On l’aura compris, définir des domaines d’activité stratégique autonomes apparaît comme une opération indispensable mais extrêmement délicate.
Une fois la segmentation stratégique réalisée, c’est-à-dire les DAS identifiés, l’entreprise doit être en mesure de formuler une stratégie pour chacun d’eux, de décentraliser les décisions opérationnelles, et donc de prendre ces décisions en cohérence avec les enjeux spécifiques de chaque unité sans que cela n’affecte les autres.
Prenons ainsi l’exemple de Limagrain, 4e semencier mondial avec un chiffre d’affaires de 2,5 Md€, 10 000 salariés dont 2 000 chercheurs répartis dans plus de 50 pays. Ce groupe coopératif a aujourd’hui une activité très diversifiée : c’est le leader européen en « farines fonctionnelles », le numéro 2 français dans l’industrie boulangère, le 3ème en pâtisserie industrielle avec sa filiale Jacquet Brossard.
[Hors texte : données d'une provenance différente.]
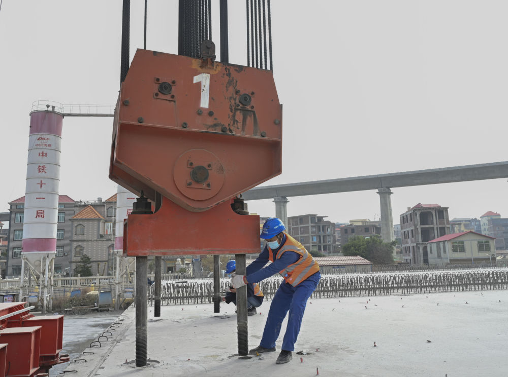 1月28日,在位于福建省莆田市的中鐵十一局新建福廈鐵路4標靈川制梁場,河南籍提梁班工人杜學剛在配合進行提梁作業。

Le critère central de segmentation des activités de Limagrain a été la proximité du groupe avec ses nombreux marchés, divers en termes de produits et d’implantation géographique. Le groupe s’est ainsi organisé en trois grandes familles de produits : semences de grandes cultures, semences potagères et produits céréaliers. Chacune de ces familles a été à son tour subdivisée en cinq sous familles, que nous pouvons considérer comme des DAS : Semences de grandes cultures, Semences potagères, Produits de jardin, Boulangerie-Pâtisserie et Ingrédients céréaliers. Chacune de ces business units est organisée autour de plusieurs sous-unités, au nombre de 12 chez Limagrain. Elles constituent des entités autonomes, avec des objectifs et des ressources propres pour mieux répondre aux attentes spécifiques de ses clients, prendre des décisions plus rapidement et ainsi s’adapter très vite aux évolutions du marché et de la concurrence.